Herculaneum is a city in Jefferson County, Missouri, and is a suburb of St. Louis. The population was 4,273 at the 2020 United States census. The City of Herculaneum was the first county seat of Jefferson County from January 1, 1819, to 1839. The city celebrated its bicentennial throughout 2008.

The city received the "Tree City USA" designation by the Arbor Day Foundation for 11 consecutive years, 2007 through 2017. The city is the honorary hometown of the 40th Airlift Squadron, "The Screaming Eagles," from Dyess Air Force Base in Texas.

==Geography==

According to the United States Census Bureau, the city has a total area of 4.10 sqmi, of which 4.06 sqmi is land and 0.04 sqmi is water.

==Origins==
Herculaneum was laid out by Moses Austin and Samuel Hammond in 1808 as a shipping point on the Mississippi River closer to Austin's lead mines in Potosi than was Ste. Genevieve.

The town was named after the ancient Roman town of Herculaneum, destroyed by the eruption of Mount Vesuvius.
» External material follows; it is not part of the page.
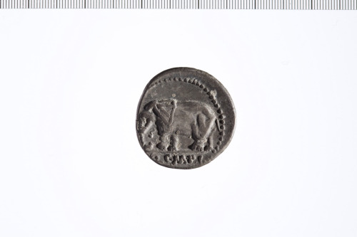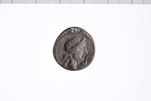 Testa di Pietas diademata a d.; davanti cicogna. Cerchio perlinato.

Austin is said to have chosen the name because the limestone ledges overlooking the Mississippi River resembled a Roman amphitheatre.

Shot towers were constructed next to the bluffs to manufacture lead ammunition, and lead cannonballs from Herculaneum were used in the War of 1812. Lead smelting by the Doe Run Company is no longer operating and under a shutdown process. It was a major industry in Herculaneum until its closure due to inability to match increased EPA regulations due to environmental and health effects.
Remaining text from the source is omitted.